Your task: What you should give back is a precise copy of the lines below from the one containing "The 139th Medical" through the one containing "mountain side was.", with no pictures.

Records excerpted from a collection:
+---+
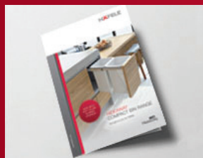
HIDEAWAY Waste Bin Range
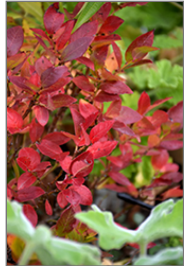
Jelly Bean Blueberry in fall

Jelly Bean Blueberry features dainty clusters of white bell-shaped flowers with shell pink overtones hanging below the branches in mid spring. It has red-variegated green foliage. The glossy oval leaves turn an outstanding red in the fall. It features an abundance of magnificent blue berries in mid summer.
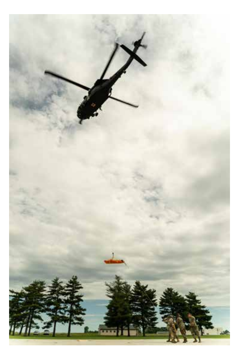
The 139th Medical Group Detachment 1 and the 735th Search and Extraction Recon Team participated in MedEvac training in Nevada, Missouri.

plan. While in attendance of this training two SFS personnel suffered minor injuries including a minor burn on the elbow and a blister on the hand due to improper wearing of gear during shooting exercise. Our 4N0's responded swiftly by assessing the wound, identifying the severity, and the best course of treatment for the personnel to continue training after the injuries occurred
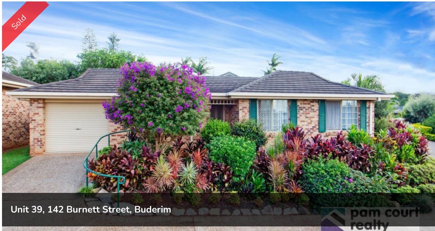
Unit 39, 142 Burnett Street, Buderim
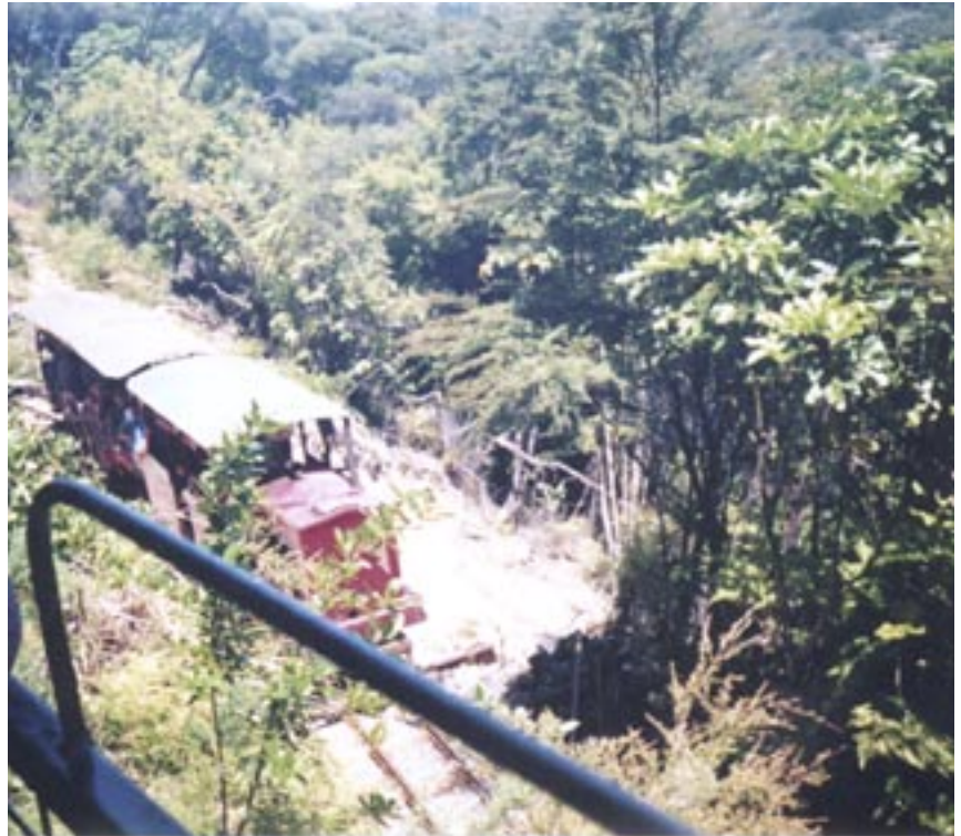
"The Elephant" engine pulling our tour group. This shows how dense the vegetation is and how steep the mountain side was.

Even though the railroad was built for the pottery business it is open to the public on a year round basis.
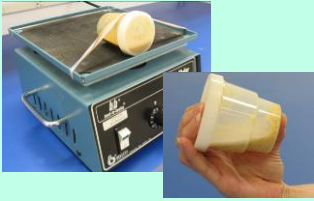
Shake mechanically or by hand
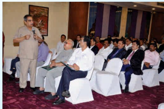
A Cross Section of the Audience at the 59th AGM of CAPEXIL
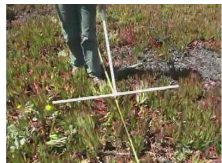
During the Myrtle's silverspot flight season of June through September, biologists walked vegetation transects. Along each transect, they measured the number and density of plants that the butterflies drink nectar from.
+---+
Answer to this exercise:
The 139th Medical Group Detachment 1 and the 735th Search and Extraction Recon Team participated in MedEvac training in Nevada, Missouri.

plan. While in attendance of this training two SFS personnel suffered minor injuries including a minor burn on the elbow and a blister on the hand due to improper wearing of gear during shooting exercise. Our 4N0's responded swiftly by assessing the wound, identifying the severity, and the best course of treatment for the personnel to continue training after the injuries occurred
Unit 39, 142 Burnett Street, Buderim
"The Elephant" engine pulling our tour group. This shows how dense the vegetation is and how steep the mountain side was.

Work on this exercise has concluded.